Regulation is expected to be a key influence on broker-dealers’ business, especially after some rules that are still developing are made final and implemented. One area in focus is what rules the U.S. Securities and Exchange Commission may apply toward stock exchanges, which increasingly compete with broker-dealers, and which under current rules are partly self-regulating.

“Regulation is going to have a big bearing on the next five years,” said Burns of BoAML. “There is certainly increased regulation and oversight on the exchanges. The question is how do we better regulate the exchanges — how do we control order types and deal with their (self-regulatory organization) status? I think that dark books will be continually evaluated by regulators.”

More broadly, competition is expected to remain keen at the very least, if not intensify. Whether the bulge bracket or agency model gains the upper hand, there will always be order flow for individual broker-dealers who excel at the business.

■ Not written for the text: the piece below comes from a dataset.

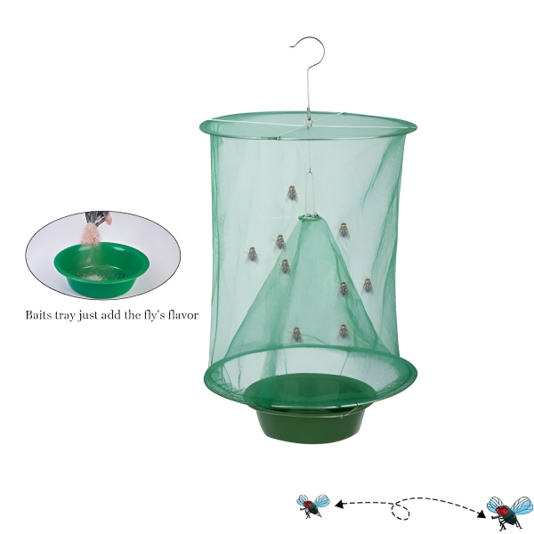 Vliegen worden op natuurlijke wijze aangetrokken door het aas in de bak. Als ze eenmaal in de val zitten, kunnen ze niet meer ontsnappen en sterven ze uiteindelijk door uitdroging en honger. Deze methode garandeert een hoge opvangsnelheid zonder dat er schadelijke chemicaliën nodig zijn. Verminder op efficiënte wijze de vliegenpopulatie in je omgeving.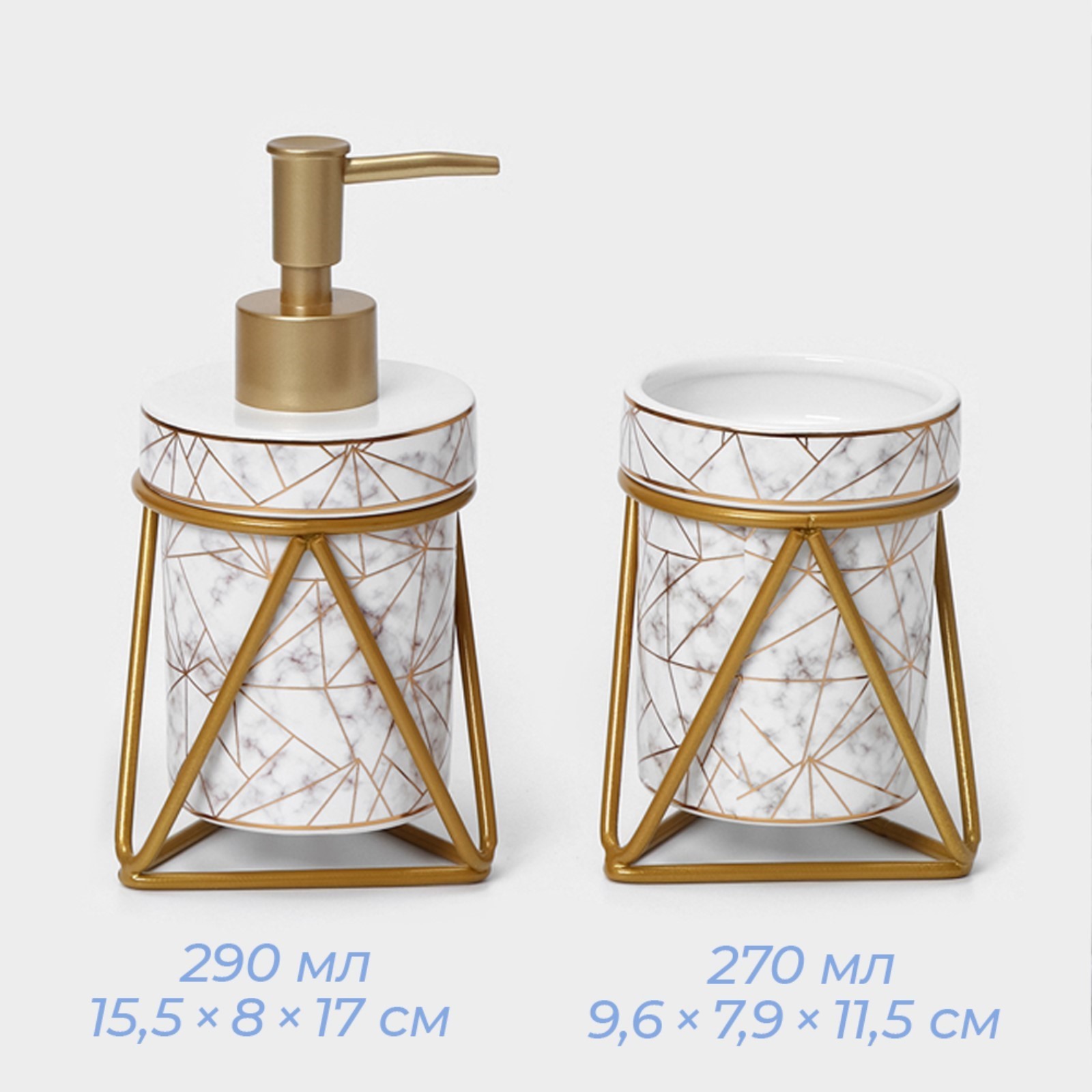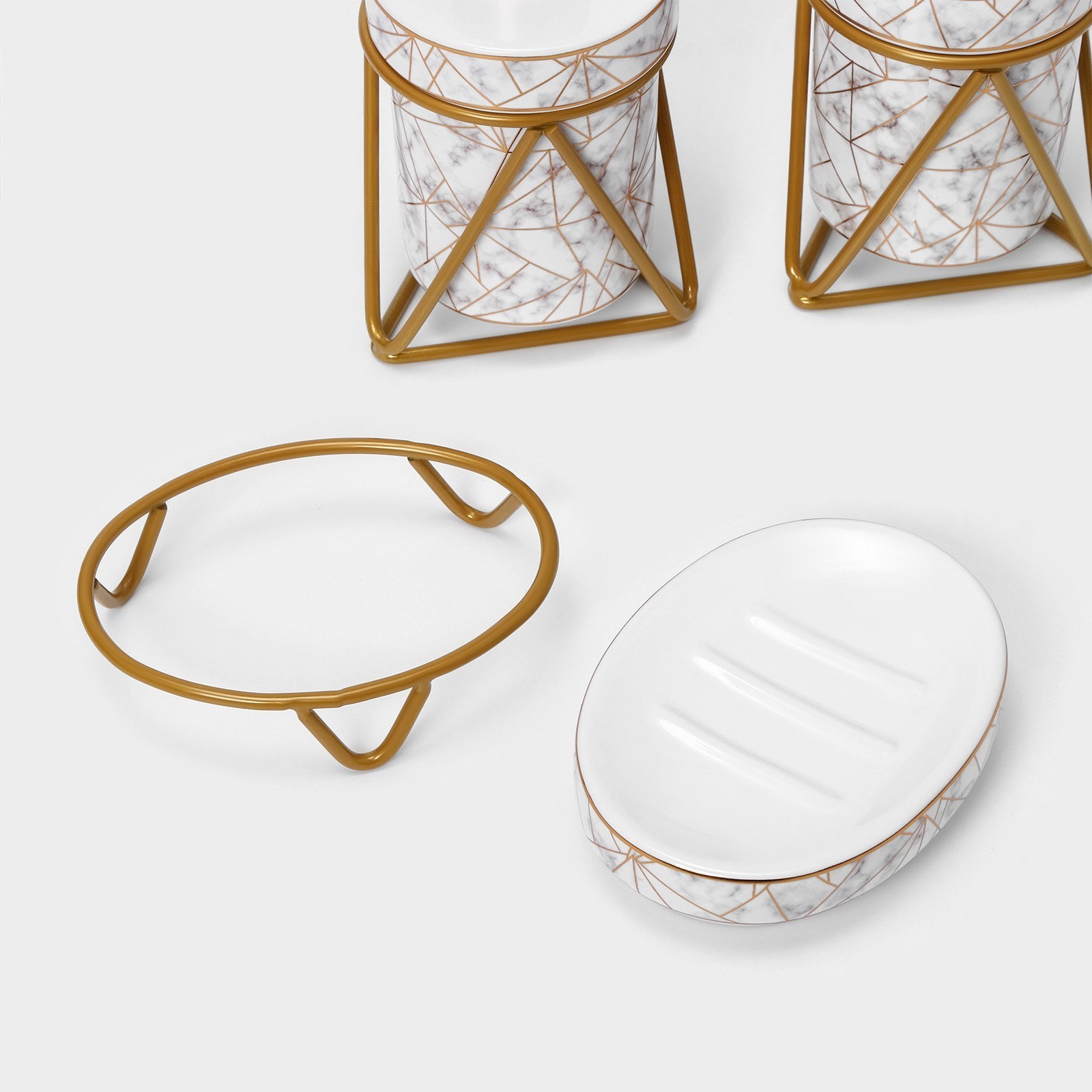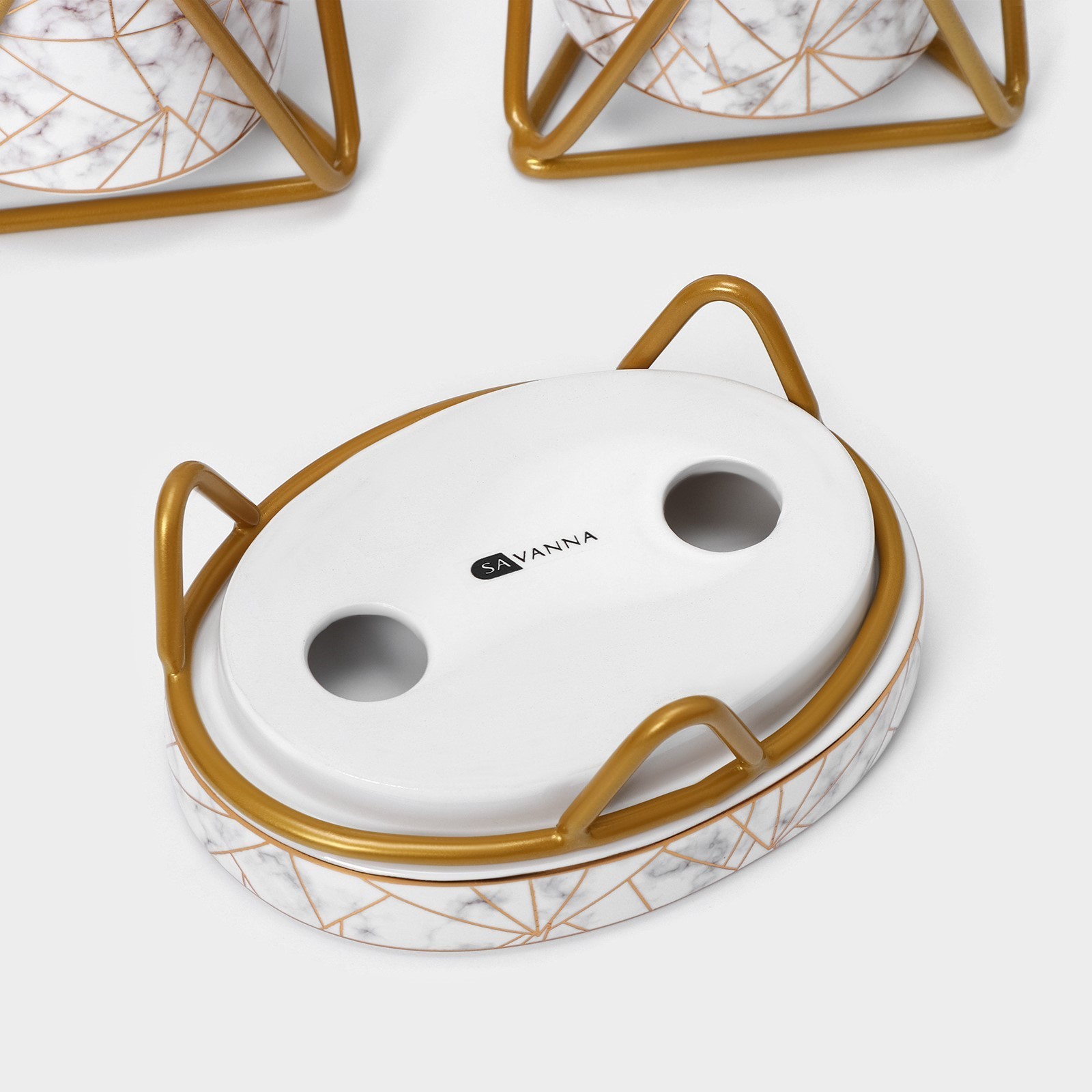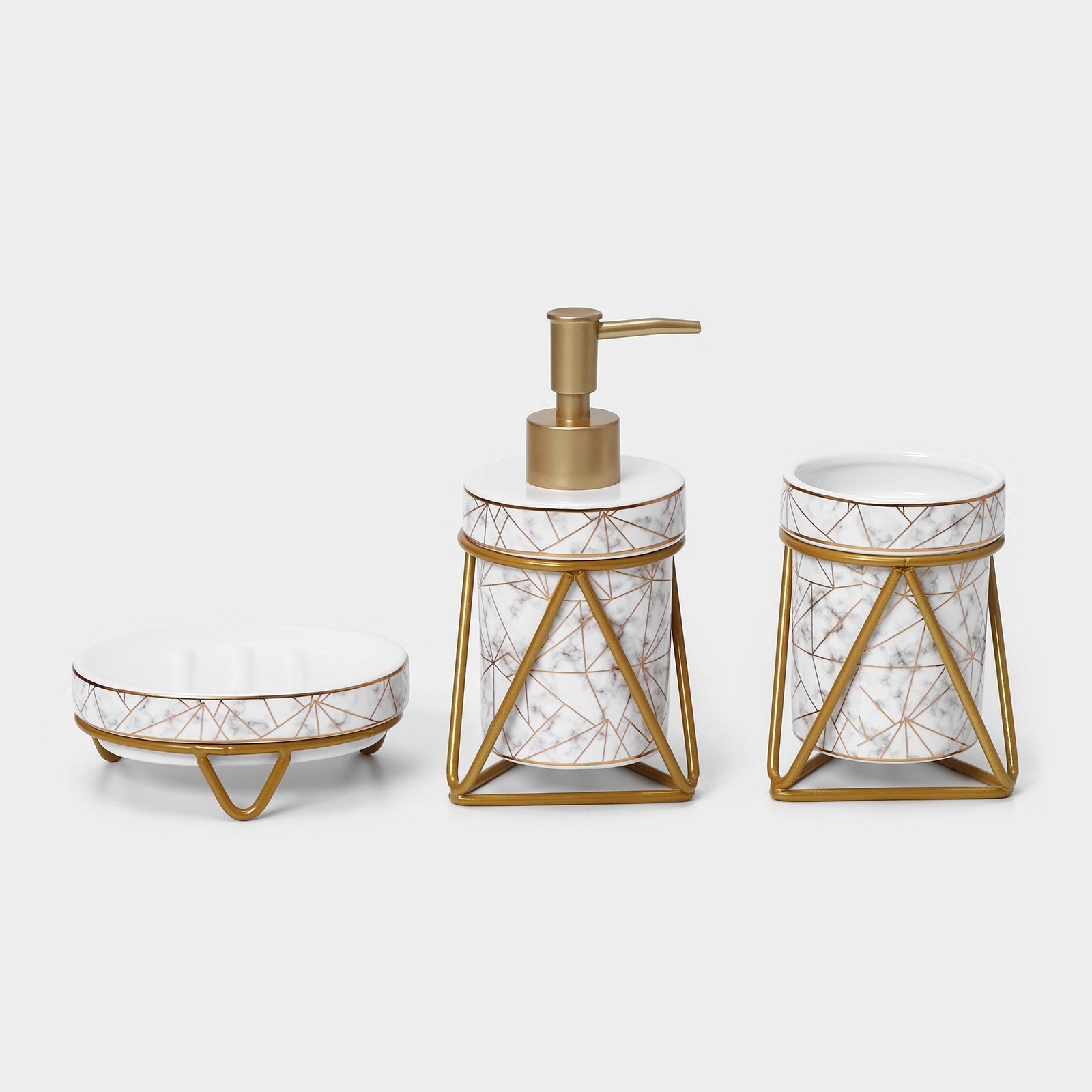 Набор для ванной комнаты Savanna «геометрика», 3 предмета (мыльница, дозатор для мыла 290 мл, стакан), цвет белый

“There should certainly be enough flow to go around to those who can add true value, whether via algos exclusively or using algos with high-touch oversight courtesy of humans who understand how to measure performance,” said Beth of WallachBeth.

Added Marques of Deutsche Bank, “I think you’re going to see the complexity and cost of trading continue to increase. You will also see the true scale players continue to invest and keep products current, and the buy side will naturally gravitate towards the better providers.”

“There is plenty of order flow around for brokers who have differentiated product and who are relevant to their clients,” Marques concluded. “If you are good at what you do and relevant to your client by creating value, you are going to be just fine.”